June 6 — The Federal Trade Commission challenges Pharmaceutical deals at a much higher rate than other mergers it reviews, though it ultimately approves them with a consent order—rather than block them—in challenged cases, according to an analysis of data from the FTC and Bloomberg BNA's Deal Analytics.

Most pharma deals ultimately win approval because the agency can address any concerns with targeted divestitures. As long as those divestitures do not destroy the economics of the deal, parties will accede to the FTC’s demands, said Steven A. Newborn, head of the global antitrust and competition practice at Weil, Gotshal & Manges LLP in New York.

Newborn told Bloomberg BNA that the reason is relatively simple. “The FTC typically postulates narrow markets in these cases, so the required overlaps between two merging parties are correspondingly narrow,” said Newborn, who previously served as director of litigation for the FTC's Bureau of Competition.
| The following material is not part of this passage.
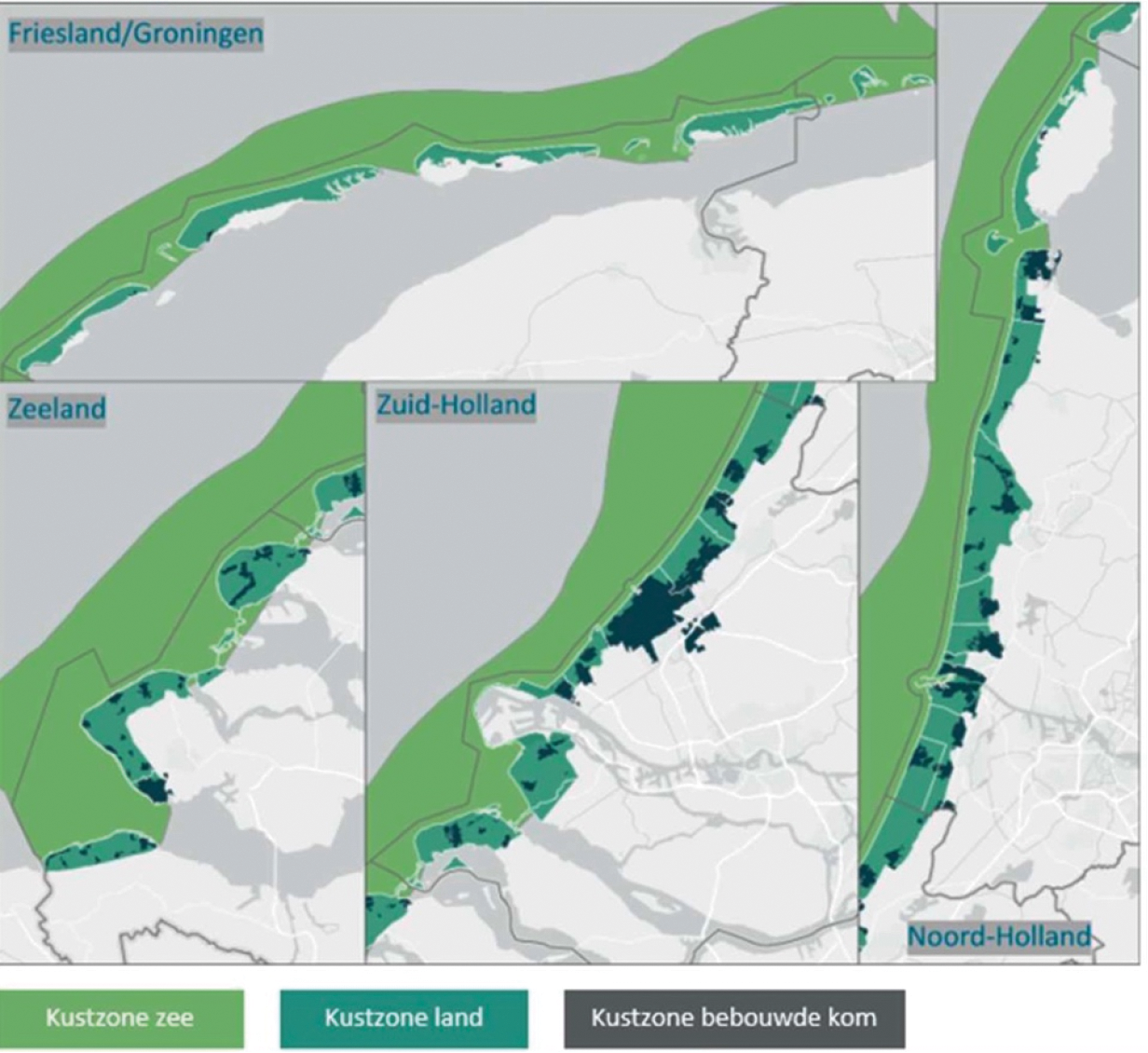 2. Zij hebben daarbij, ieder voor het tot de eigen provincie behorende deel van de kustzone, een zonering (buiten de bebouwde kom) opgesteld waarmee sturing wordt gegeven aan een passend gebruik van de kustzone. Met deze zonering wordt op basis van de kernkwaliteiten van de kustzone bepaald en inzichtelijk gemaakt in welke delen van de kustzone geen nieuwe recreatieve bebouwing is toegestaan en in welke delen wel en onder welke voorwaarden. De zoneringen op basis van het Kustpact zijn afgestemd met de zoneringen ten aanzien van de beheertaken van de waterkering beheerders. De actualisatie van het beleid en de zoneringen zijn vertaald in de provinciale verordeningen met regels voor de inhoud van gemeentelijke omgevingsplannen en bestemmingsplannen.

That means that it often makes economic sense to divest in order to get the deal through, he said.

Challenges
A Concentrated Market

Consolidation in the pharmaceutical industry has boomed over the past 20 years.

Today's 10 largest pharmaceutical companies swallowed up more than 50 others over the course of the past two decades. Pfizer Inc. is emblematic of the trend of growing through mega-mergers, having acquired Warner-Lambert in 2000 for $90 billion, Pharmacia—itself the product of mergers between Upjohn and Monsanto, among others—for $60 billion in 2003, Wyeth for $68 billion in 2009, and Hospira for $16 billion in 2015. Most recently, Pfizer agreed in May to buy Anacor Pharmaceuticals Inc. for $5.2 billion.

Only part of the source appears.